Monday, September 26, 2005

Paul Weller is cooler than you

Paul Weller at Avalon, Boston, September 25, 2005
Quick recap of a show that a few of the Topaz aging hipsters and friends/family attended last night. I must admit that it took me several songs to hear one I knew (but still loved the musicianship, timeless voice, band dynamic and even Paul's aging 48 year-old rocker/strummer vibe and slightly heavy look). Later, I had the life checklist moment of hearing "That's Entertainment" live – Top ten song in history of pop music? He threw in rousing "Shout to the Top" (my friend Tracy was beaming as it was at a Style Council show in London around 1985 that she realized she was in love with her future husband), "Wild Wood" (need to iPod that album soon, DougH, please), great news songs like intense "Savages" and the encore was amazing "Town Called Malice" (I knew it was coming as he hadn't touched the tambourine all night – I reinvented the pogo dance for that tune).

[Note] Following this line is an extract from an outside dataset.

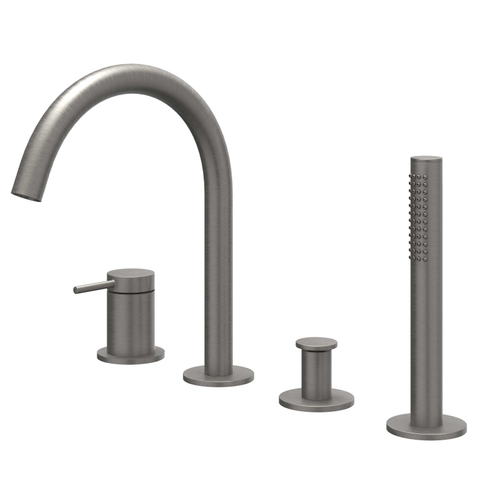 De IVY Bond Badrandcombinatie 4-gats mengkraan met draaibare uitloop en uittrekbare handdouche in Geborsteld Metal Black PVD is een prachtige toevoeging aan elke badkamer. Met zijn elegante ontwerp en hoogwaardige afwerking straalt dit product luxe en stijl uit. Het combineert functionaliteit met esthetiek, waardoor het niet alleen een praktische keuze is, maar ook een visueel aantrekkelijke aanwinst voor je badkamer.

I haven't seen any reviews or blog posts but this Billboard article will get you excited about the next "Modfather" album (and next tour?)

DougH might jump in on this post but he shared a good Boston Phoenix preview where the Jam references and closing, bolded line hit home for yours truly -

"His icon status isn’t his problem; it’s mine. I’ll never shake what he represented with the Jam — the beautifully angry young man. The self-possessed certainty that fueled the Jam also served him when he made abrupt career turns, first with the Continental soul of Style Council, then with mercurial solo albums like his new As Is Now, a V2 import set for US release from Yep Roc on October 11. The new disc is mature, passionate rock played by a band who contain their genre wanderlust by sticking to what they do well. Of course, any new Weller release is bound to get propped up by scrapbook memories. It’s not so much the artist gets old as that you do. Training a critical eye on any performer who was it for you at a formative period in your life also means re-evaluating large chunks of your life."

I'm just glad that I finally saw Paul Weller - especially as I'm still in the extended "formative period" of my life.